William R. DI PIETRO

Human Trafficking and National Morality

The paper proposes that national morality is an important variable for explaining national anti-trafficking policy. It uses cross country regression analysis to see whether or not empirically national morality is a determinant of anti-trafficking policy. The findings of the paper are consistent with the notion that improved levels of national morality lead to better national anti-trafficking policy. National morality is found to be statistically relevant for national anti-trafficking policy when controlling for the extent of democracy, the share of the private sector in the economy, and the degree of globalization.
Keywords
JEL Classification Z00, Z1
Full Article

1. Introduction

Human trafficking can be defined as the forced transportation of human beings against their will for the purpose of exploitation. While presumably, slavery was abolished long ago in most western countries, and, in the U.S.A. a horrendous civil war was fought to decide the issue of slavery, it is thoroughly reprehensible that, in our modern, technologically sophisticated, civilized world, human trafficking flourishes. Gaining some understanding of the causes of human trafficking and of the determinants of effective anti-trafficking policy is essential in order to begin to rationally address this inhumane problem.

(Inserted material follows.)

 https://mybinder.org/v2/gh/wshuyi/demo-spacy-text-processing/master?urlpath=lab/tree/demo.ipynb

This paper hypothesizes that higher levels of national morality can lead to better national anti-trafficking policy. If this proves to be the case, then improving national morality in countries around the world is one promising avenue for reducing human trafficking

Anticipating the results, upgrading national morality in order to better anti-trafficking policy can be undertaken by using two fundamental steps. The first is to make people more moral, and more sensitive to immoral behavior. Even from a strictly secular basis, a country can move in this direction by incorporating moral behavior as significant part of its national identity, and through its educational system. The second step is to make people more aware of the existence, the extent, and the horrific nature of human trafficking, that is to say, to bring it before their eyes, to the forefront of their consciousness. A hidden problem is a problem that is not likely to be addressed. Hiding the ugly consequences of immoral behavior is apt to increase immoral behavior by lowering its cost both in terms of personal guilt and with regard to social opprobrium.

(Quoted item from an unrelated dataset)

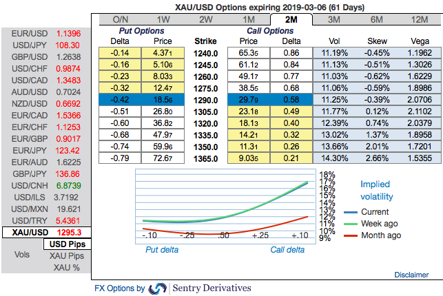 Bullish neutral risk reversals are observed in gold’s OTC hedging market, while positively skewed IVs of 2m XAUUSD options have been stretched out on either side.

The paper, aiming to see whether anti-trafficking policy depends on national morality, is divided into additional sections. The second section provides an overview of some of the recent literature with regard to anti-trafficking policy. The third section presents a model of anti-trafficking policy. The fourth section discusses the variables that will be included in the empirical analysis. The fifth presents and discusses the results of cross country regressions of anti-trafficking policy on national morality and on other variables. Lastly, the sixth section summarily concludes.

2. Some Relevant Literature

In addition to creating their index of anti-trafficking policy, Cho, Dreher, and Neumayer employ spatial autoregression on a panel consisting of one hundred seventy seven countries for the years 2000 through 2009 with their anti-trafficking index as the dependent variable to see if policy choices in one country are spatially dependent on policy choices made by other countries (Cho, Dreher, and Neumayer 2011). They find that both a contiguity weighted spatial variable and a voting weighted spatial variable are statistically relevant for overall country anti-trafficking policy. What is more, among their control variables, the level of democracy, the control of corruption, and the extent of woman’s rights also appear to be favorable forces for anti-trafficking policy, while U.S. aid, and the level of economic development do not appear to matter.

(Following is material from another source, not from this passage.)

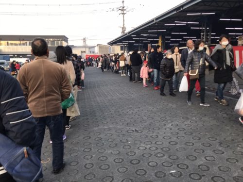 しかし、この日ばかりは、そうも言ってられません。なぜなら、年に一度の田崎市場感謝祭の日だから…!寒い中、いそいそと準備し、マイバッグを持って、気合いを入れて市場に行ってきました!

Rudolph and Schneider use a holistic multiple indicators multiple cause’s structural equation model to obtain measures of the unobservable variable of interest, human trafficking inflows, for the years 2000 to 2010 (Rudolph and Schneider 2013). For getting their human trafficking inflows estimates and for providing insights into human trafficking, their basic model considers four causes of human trafficking intensity (log of GDP per capita, log of FDI stock, percentage of agriculture to GDP, and language fractionalization), and three indicators of human trafficking intensity (the crime rate, the Cho, Dreher, and Neumayer’s policy index, and the number of identified victims).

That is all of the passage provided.